> _EXERCISE BRIEF_
Set down the listing exactly as given, minus images.

> _PROVIDED MATERIAL_
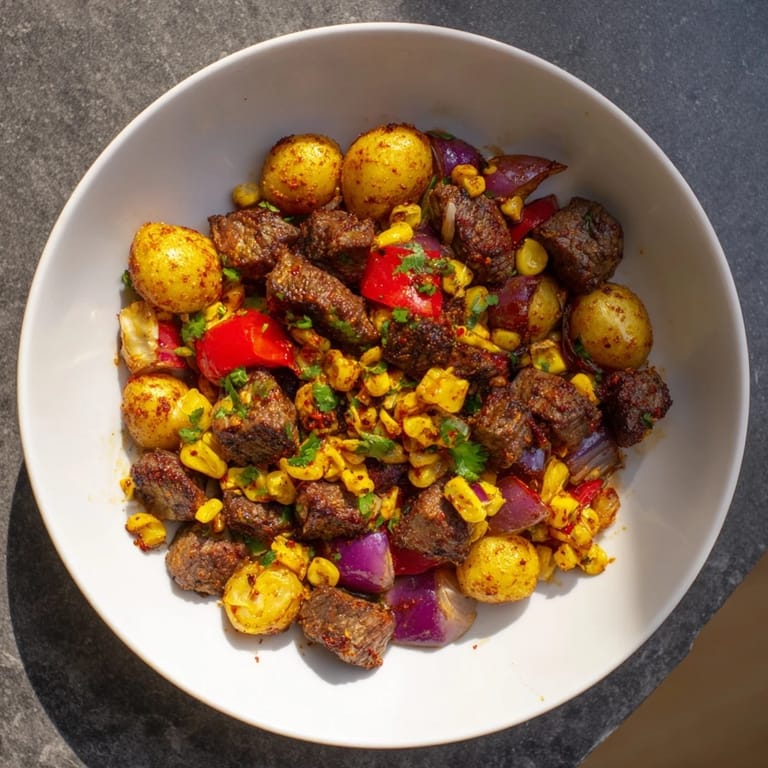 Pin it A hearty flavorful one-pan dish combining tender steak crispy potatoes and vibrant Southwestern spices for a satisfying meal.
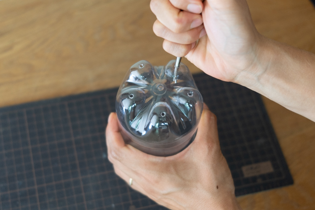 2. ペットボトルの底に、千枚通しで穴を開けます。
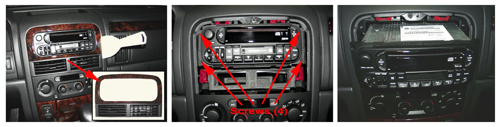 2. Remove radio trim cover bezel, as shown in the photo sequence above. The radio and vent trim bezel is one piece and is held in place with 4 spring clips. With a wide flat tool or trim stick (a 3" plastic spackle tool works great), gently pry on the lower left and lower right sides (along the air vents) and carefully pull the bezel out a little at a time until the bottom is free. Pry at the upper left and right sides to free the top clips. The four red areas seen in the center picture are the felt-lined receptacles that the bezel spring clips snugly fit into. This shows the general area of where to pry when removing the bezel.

> _ANSWER TO THE EXERCISE_
 Pin it A hearty flavorful one-pan dish combining tender steak crispy potatoes and vibrant Southwestern spices for a satisfying meal.
 2. ペットボトルの底に、千枚通しで穴を開けます。
 2. Remove radio trim cover bezel, as shown in the photo sequence above. The radio and vent trim bezel is one piece and is held in place with 4 spring clips. With a wide flat tool or trim stick (a 3" plastic spackle tool works great), gently pry on the lower left and lower right sides (along the air vents) and carefully pull the bezel out a little at a time until the bottom is free. Pry at the upper left and right sides to free the top clips. The four red areas seen in the center picture are the felt-lined receptacles that the bezel spring clips snugly fit into. This shows the general area of where to pry when removing the bezel.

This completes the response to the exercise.